Let’s be still for just a moment. Turn your mind away from the perception of conditions of your life even for a moment, of your relationship here with others in this auditorium. Let your mind enter into a moment of imaging, even if it seems negative. Let yourself think of being in the midst of a dark tunnel. Feel the frustration of it for a moment. You had times like this in your life before so you can easily remember it. Or perhaps living in a valley, the storms, droughts, emptiness, frustration. And into this experience of seeming negativity, you see a new perception coming into mind, entering your consciousness. Suddenly you see with new sight. Blessed are the pure in heart for they shall see God. When you get that purity of awareness you see from the consciousness of God. You see through the end of this tunnel to the light at the other end. See the open way at the end of the valley leading up through a mountain pass and new wonderful experiences.
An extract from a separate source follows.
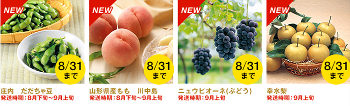 山形は今週から急に涼しくなり、大変過ごしやすくなりました。しかし、味覚の夏はまだまだここからが本番です。んまいものプロジェクトでは昨年の“んまいもの”プロジェクトで注文数No1の山形県産の桃、”川中島”をはじめ、だだちゃ豆、ニュウピオーネ(ぶどう)、幸水梨などこの時期を代表する山形の味覚を取り揃えています。

New valleys to go through, new tunnels to traverse.

Let the thought die in your consciousness. Why, the tunnel has a light at both ends. The valley has an open end, a pass at the other end, as it is with life. So look on the signet ring, which we’ll say you have received from the counselors and the wise men as the monarch did. On this ring are the words, “This too shall pass.” See that motto? The secret talisman carried with you in a very special place in your heart. Be returned to the perception of that at any time that you find yourself discouraged or challenged by the seeming emptiness of experiences and the futility of going forward. This too shall pass.

And see yourself walking dynamically and dramatically and victoriously out of the tunnel, out of the valley into the sunset of a joyous day. That then leads into another dark period of the night to be awakened again in a new sense of a new sunrise and a new day. I bless you now that you may go forward to the new day, the new experience, the new opportunity, new joy, new faith, new perception. For life and any of its experiences, it doesn’t come to stay, it comes to pass. Be grateful for this consciousness. You shall know the truth and the truth shall make you free. So be it.